** Opening Given information block **

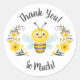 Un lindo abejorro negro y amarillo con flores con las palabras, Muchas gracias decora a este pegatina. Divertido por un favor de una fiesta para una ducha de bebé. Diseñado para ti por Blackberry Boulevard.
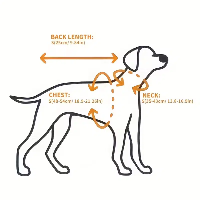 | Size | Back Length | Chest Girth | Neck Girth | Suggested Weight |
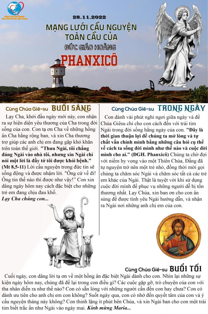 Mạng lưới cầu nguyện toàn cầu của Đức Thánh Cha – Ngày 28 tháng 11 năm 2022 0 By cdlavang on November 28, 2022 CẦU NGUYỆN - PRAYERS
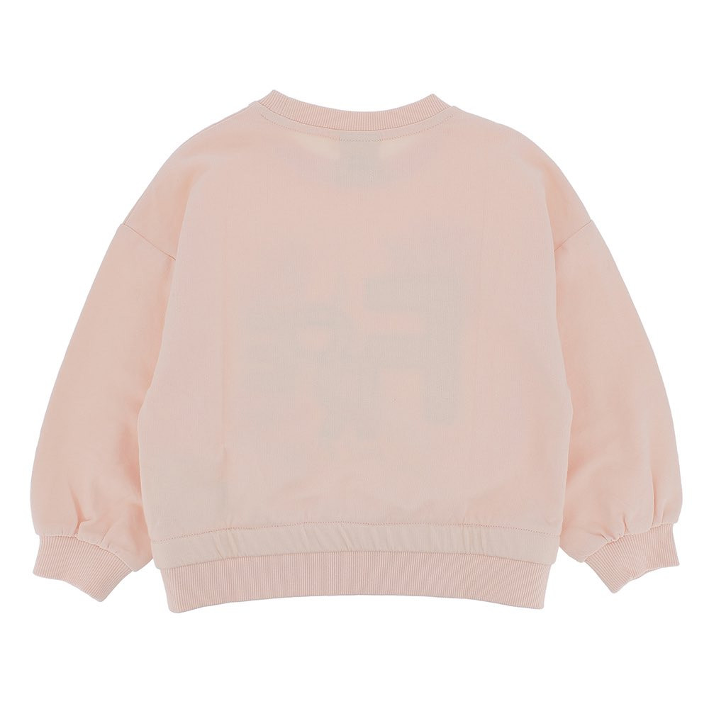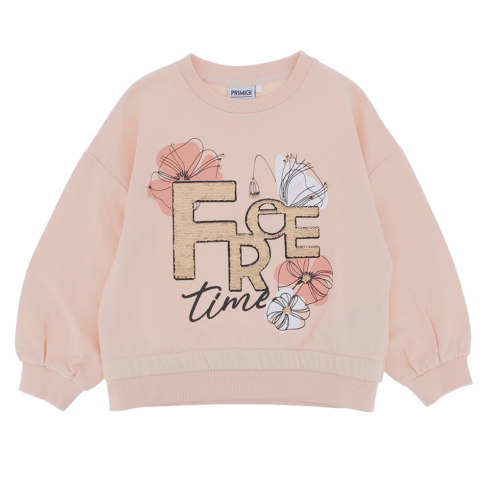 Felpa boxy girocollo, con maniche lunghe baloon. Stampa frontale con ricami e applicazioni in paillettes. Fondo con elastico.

** Closing Given information block **

» **Problem details**
Line by line, return the listing above exactly, leaving out its pictures.

» **Expected answer**
 Un lindo abejorro negro y amarillo con flores con las palabras, Muchas gracias decora a este pegatina. Divertido por un favor de una fiesta para una ducha de bebé. Diseñado para ti por Blackberry Boulevard.
 | Size | Back Length | Chest Girth | Neck Girth | Suggested Weight |
 Mạng lưới cầu nguyện toàn cầu của Đức Thánh Cha – Ngày 28 tháng 11 năm 2022 0 By cdlavang on November 28, 2022 CẦU NGUYỆN - PRAYERS
 Felpa boxy girocollo, con maniche lunghe baloon. Stampa frontale con ricami e applicazioni in paillettes. Fondo con elastico.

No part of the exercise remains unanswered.